Our physical body is a school of learning but what we are supposed to learn from it is not given to us. What we eventually come to learn is that over time our once youthful, strong and healthy body will fail us. In that respect, it is not a suitable refuge—at best temporary. Life in the triple world is not without lots of minefields, in other words.
How do we, generally, approach this problem? Mainly, either ignore it or set it aside, telling ourself we will deal with it later. Or it could be, science will find a way. But so far all that science has offered us is unproven theories presented as settled facts. But a deeper investigation finds these facts to be well constructed fictions.
For those of us who want to be dreamers who wish to live in a fantasy world, our society provides us with many dreams for the right amount of money. Many of these dreams are stupid and childlike, while others are savagely cruel. Our dreams do not help us in the slightest, in fact, they do us great harm by closing us off to truth. In this respect, our dreamworld turns into a veritable prison.

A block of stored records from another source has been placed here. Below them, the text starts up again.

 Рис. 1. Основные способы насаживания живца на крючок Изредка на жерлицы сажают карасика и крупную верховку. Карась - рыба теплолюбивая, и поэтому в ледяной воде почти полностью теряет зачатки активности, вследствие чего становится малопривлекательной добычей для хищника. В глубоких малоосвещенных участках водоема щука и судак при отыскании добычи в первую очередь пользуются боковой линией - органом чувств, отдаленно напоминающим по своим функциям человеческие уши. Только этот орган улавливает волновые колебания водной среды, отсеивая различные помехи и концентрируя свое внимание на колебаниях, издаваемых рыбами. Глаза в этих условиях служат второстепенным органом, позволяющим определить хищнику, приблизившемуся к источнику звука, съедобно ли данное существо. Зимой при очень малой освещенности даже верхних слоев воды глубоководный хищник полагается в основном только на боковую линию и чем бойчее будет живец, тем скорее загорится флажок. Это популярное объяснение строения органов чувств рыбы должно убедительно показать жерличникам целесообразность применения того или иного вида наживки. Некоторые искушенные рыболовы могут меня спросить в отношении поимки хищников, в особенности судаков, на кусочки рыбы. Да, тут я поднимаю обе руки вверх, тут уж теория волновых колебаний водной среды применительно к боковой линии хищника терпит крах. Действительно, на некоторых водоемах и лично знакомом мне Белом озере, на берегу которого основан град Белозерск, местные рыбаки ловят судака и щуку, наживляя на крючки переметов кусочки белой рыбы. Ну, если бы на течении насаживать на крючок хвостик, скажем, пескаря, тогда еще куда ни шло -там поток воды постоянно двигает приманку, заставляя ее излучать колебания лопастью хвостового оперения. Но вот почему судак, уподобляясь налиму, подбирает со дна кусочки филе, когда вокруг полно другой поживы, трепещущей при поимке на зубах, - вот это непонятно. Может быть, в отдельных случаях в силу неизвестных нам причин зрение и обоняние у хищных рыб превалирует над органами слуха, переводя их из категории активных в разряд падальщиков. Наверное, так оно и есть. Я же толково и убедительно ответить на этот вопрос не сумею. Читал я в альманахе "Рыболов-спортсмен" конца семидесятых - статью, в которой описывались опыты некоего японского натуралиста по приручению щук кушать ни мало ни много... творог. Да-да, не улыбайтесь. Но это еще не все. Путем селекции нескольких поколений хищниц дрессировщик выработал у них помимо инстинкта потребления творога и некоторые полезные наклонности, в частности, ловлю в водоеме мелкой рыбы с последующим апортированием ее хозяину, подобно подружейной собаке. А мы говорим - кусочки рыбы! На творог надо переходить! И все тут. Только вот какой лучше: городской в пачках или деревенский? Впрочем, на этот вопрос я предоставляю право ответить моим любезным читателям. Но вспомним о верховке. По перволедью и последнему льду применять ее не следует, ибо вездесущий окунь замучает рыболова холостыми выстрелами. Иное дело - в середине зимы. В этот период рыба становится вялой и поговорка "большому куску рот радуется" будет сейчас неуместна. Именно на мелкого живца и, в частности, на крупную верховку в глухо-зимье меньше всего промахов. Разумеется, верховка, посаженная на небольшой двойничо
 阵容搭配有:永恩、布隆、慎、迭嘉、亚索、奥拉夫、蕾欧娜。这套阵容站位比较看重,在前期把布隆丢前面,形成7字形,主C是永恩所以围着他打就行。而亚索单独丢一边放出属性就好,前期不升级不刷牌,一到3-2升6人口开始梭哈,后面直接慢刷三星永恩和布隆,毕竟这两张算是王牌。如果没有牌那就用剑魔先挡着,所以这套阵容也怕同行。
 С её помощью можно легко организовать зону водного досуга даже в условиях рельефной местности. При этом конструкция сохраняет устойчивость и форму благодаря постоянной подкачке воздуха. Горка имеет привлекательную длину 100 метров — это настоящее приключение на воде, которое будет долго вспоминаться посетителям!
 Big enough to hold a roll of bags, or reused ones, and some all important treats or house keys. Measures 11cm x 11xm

Buddhism cannot help us when we are this far gone. Even death’s offering of oblivion will not be our friend and shelter us for there is nothing about oblivion to preclude rebirth which is a real double edge sword such that we can, over infinite time, learn from our mistakes, or gradually descend into the hells which we have made.

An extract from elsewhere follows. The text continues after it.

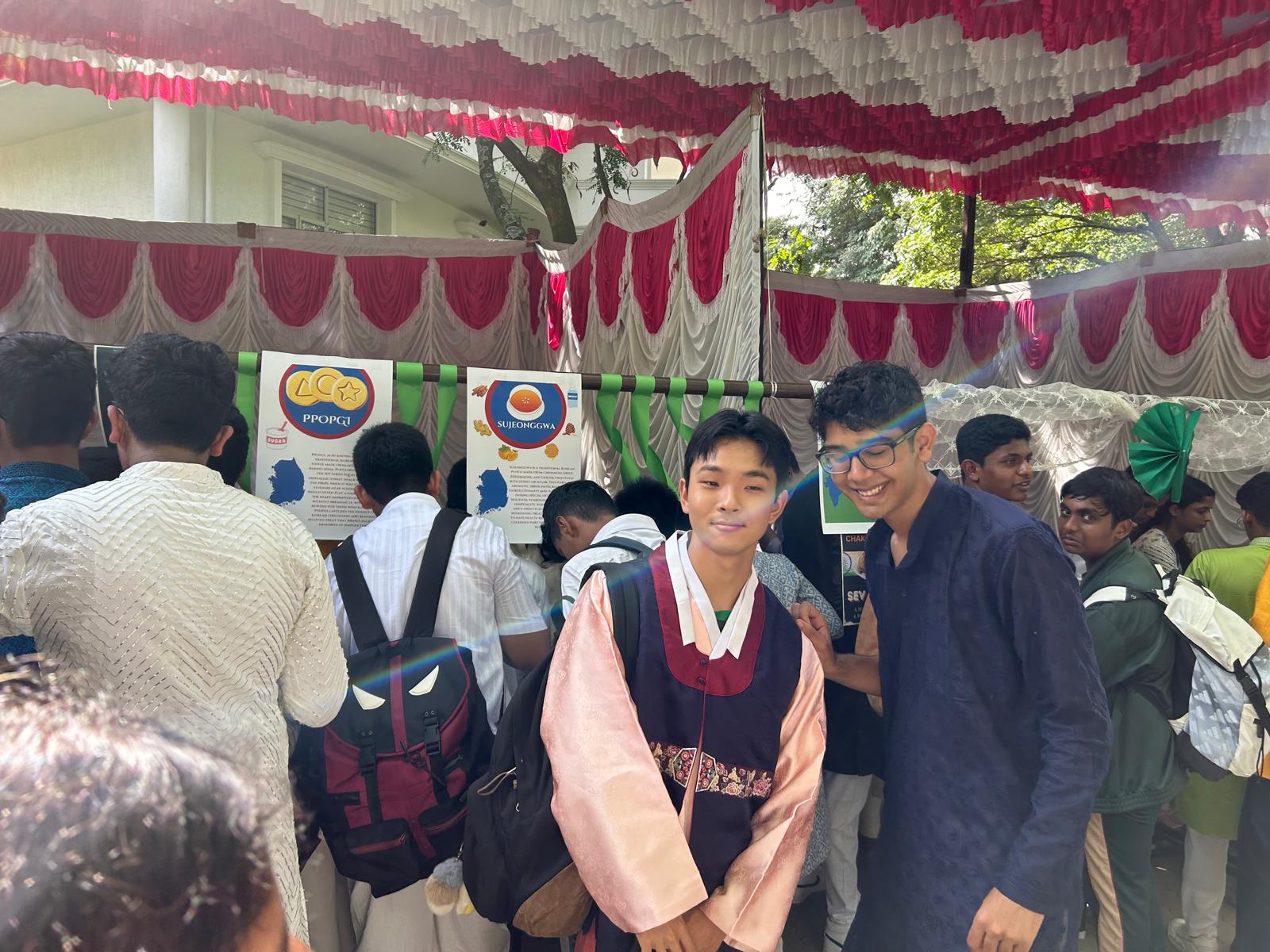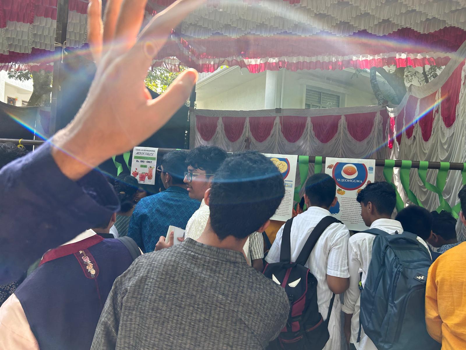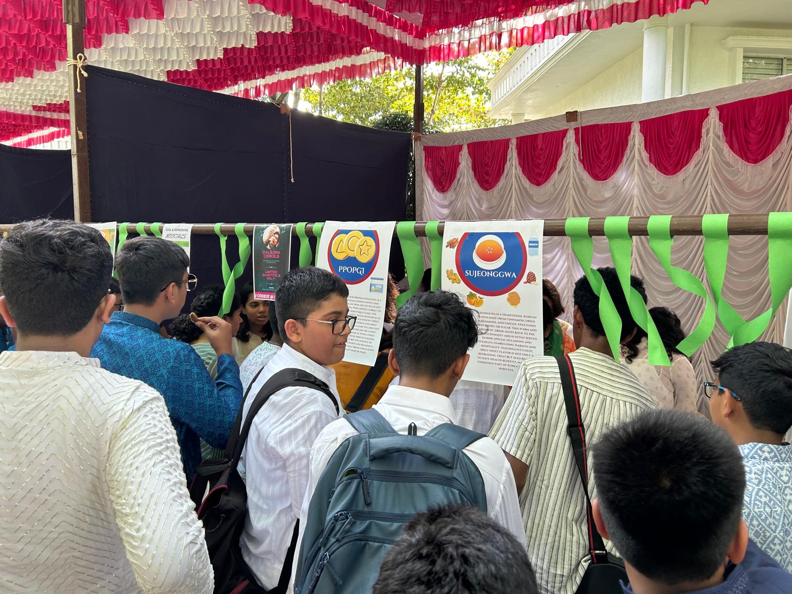 Due to India and South Korea having the same independence day, we held an event in Indus International School Bangalore celebrating both cultures! During this event we served food that had semi-direct parallels with one another, selling Korean Sujeongwa and coffee alongside Indian Mango Lassi. We continued this with popular street food such as Korean dalgona and Indian bhel puri.

We learn from Buddhism that consciousness (vijñāna), which goes from one life to another—the postmortem survivor—is a kind of possessing spirit that enters the embryo (nāmarūpa) and binds itself to it. Subsequently, it grows and develops into a human being exiting the birth canal in nine months. In Buddhism, this process is the 12-fold chain or the 12-nidāna (cause of existence). This possessing spirit or transmigrating consciousness is thirsting and filled with desire, that is, desire for conditioned things which only cause more unfulfilled desires and rebirths.
As for this body we inhabit it is the five skandhas consisting of physical shape, feeling, perception, volitional formations, and consciousness. But this body is not our self as the Buddha teaches; rather this body is not the self or anātman. And by clinging to it, tenaciously, we over engage with its temporal drives, limitations and sufferings. The trick is to realize our true self or Buddha-nature while we are incarnated. This is the state of nirvana which unlike our body is unconditioned and immaterial and is not subject to death. It is also beyond the reach of consciousness which is always dualizing (vi = in two parts, jñāna = knowing).